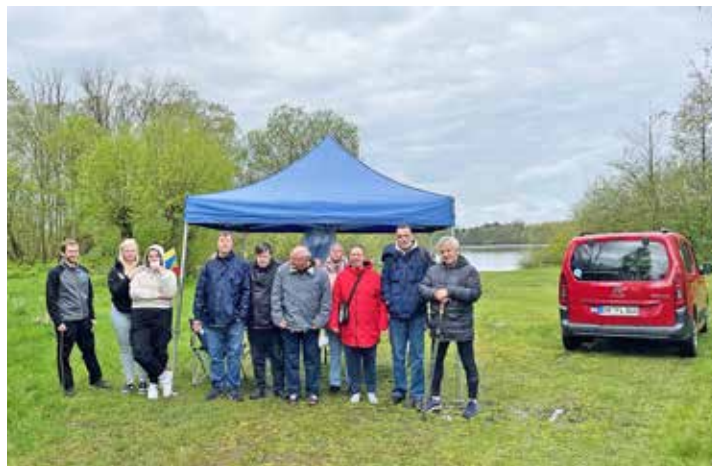
Am Sonnabend laden Die Ostholsteiner wieder zum Lauftreff ein.
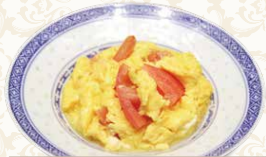
トマトと玉子のふわふわ炒め 西红柿炒蛋 600
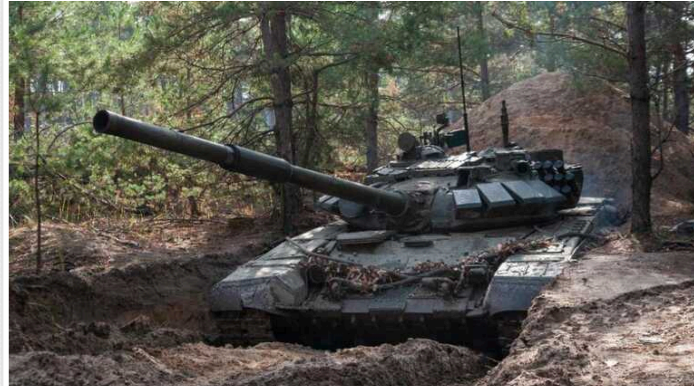
У ЗСУ розповіли про "досягнення" окупаційних військ на сході України

Російські війська на сході України не мають стратегічних успіхів, хоча окупанти й намагаються наступати.
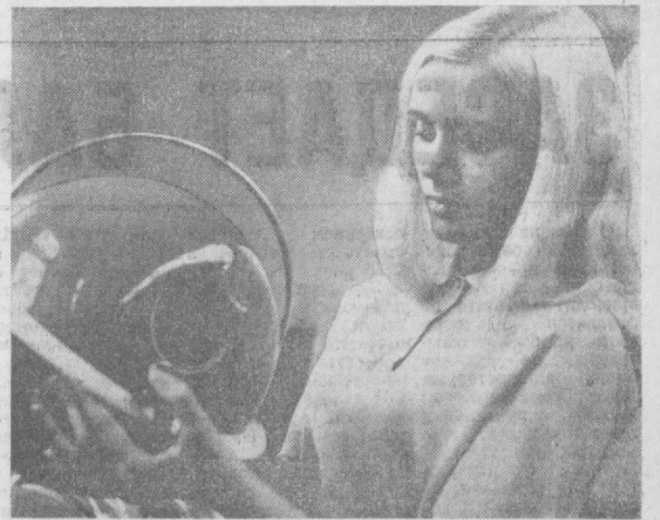
ЛИТОВСКАЯ ССР. С начала пятилетия Вилнинский завод электросварочного оборудования увеличил выпуск пылесосов «Сатурнас» более чем в 3 раза.

● 3 декабря в Ташкенте состоялся пленум ЦК ЛКСМ Узбекистана. Он обсудил работу комсомольских организаций молодого города Назои и совхоза имени Худайбердыева Чустского района Наманганской области по достойной встрече XXIV съезда КПСС.
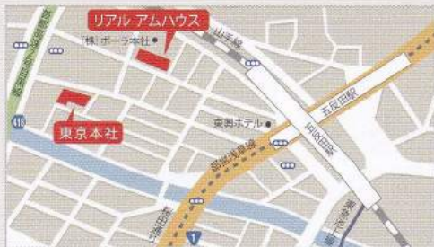
【リアルアムハウス】東京都品川区西五反田 2-2-10

AMhouse をご覧いただけるショールームを東京都品川区に開設しております。AMhouse を見て触っていただくことで、新しい手術室のカタチを実感してください。是非お気軽にお越しください。
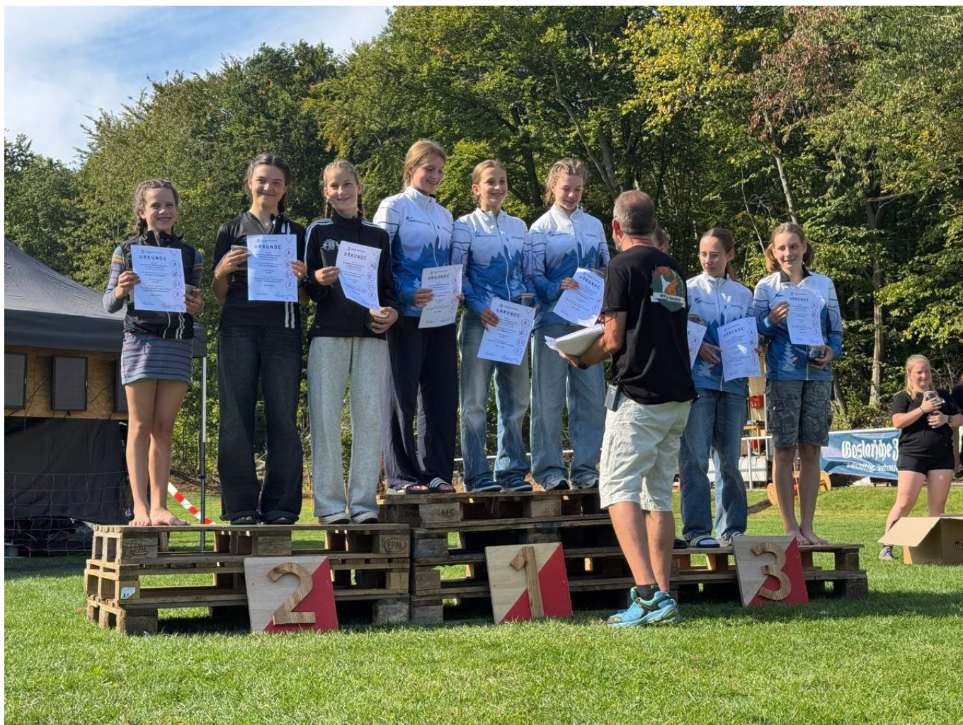
D14-Team bei der DM Staffel OL 2024
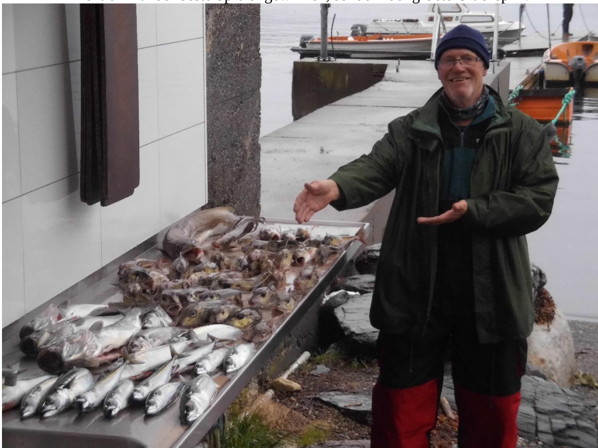
Präsi präsentiert die Fänge

Immerhin konnten wir so, wenn auch mit weiterer Verspätung, selbst in den Hafen einlaufen. Dann begann das Filetieren. Neben vier Pollacks, einigen Makrelen, die wir beim Knurrhahn angeln fingen, drei Lengs (zwei lütje und der bereits erwähnte 90er) waren gefühlt zahllose Knurrhähne im Eimer. Viele hatten eine beachtliche Größe und nur wenige waren Knurrhähnchen (wenn ich das schreibe, denke ich an Geflügel). So kamen wir erst spät zum Duschen und noch später zum Essen (was auch wirklich nötig wurde). Zwar spielten wir dann noch eine Runde Karten, aber es konnte nicht einmal der beste Spieler gewinnen, sondern der größte Glückspilz.
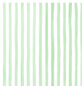
SONG Tilleul 103
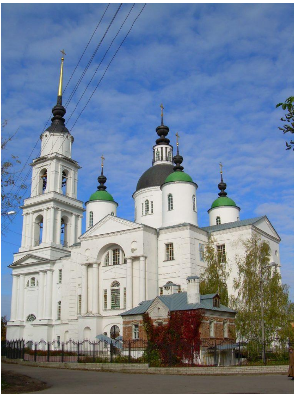
Троицкий собор, 1806-1818 гг. Липецкая область, Чаплыгинский район, г. Чаплыгин
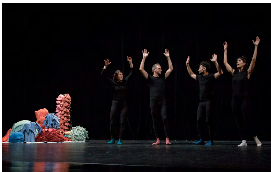
Un début de quelque chose - création 2023
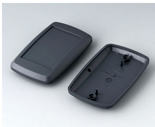
B9006808 Partie inférieure et supérieure EL ABS (UL 94 HB) lava 78x48x20mm
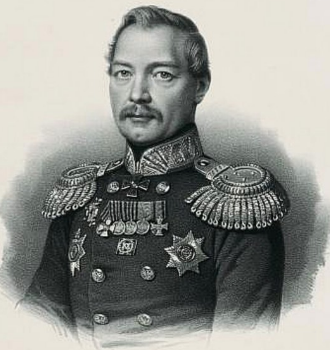
Генерал-лейтенант В. Я. Кирьяков начальник 17-й пехотной дивизии
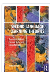
Second Language Learning Theories, 4ed. Mitchell, Rosamond
---+---
Task to complete => Could you copy out every line in the listing where the word "України" appears?

The answer =>
У ЗСУ розповіли про "досягнення" окупаційних військ на сході України
Російські війська на сході України не мають стратегічних успіхів, хоча окупанти й намагаються наступати.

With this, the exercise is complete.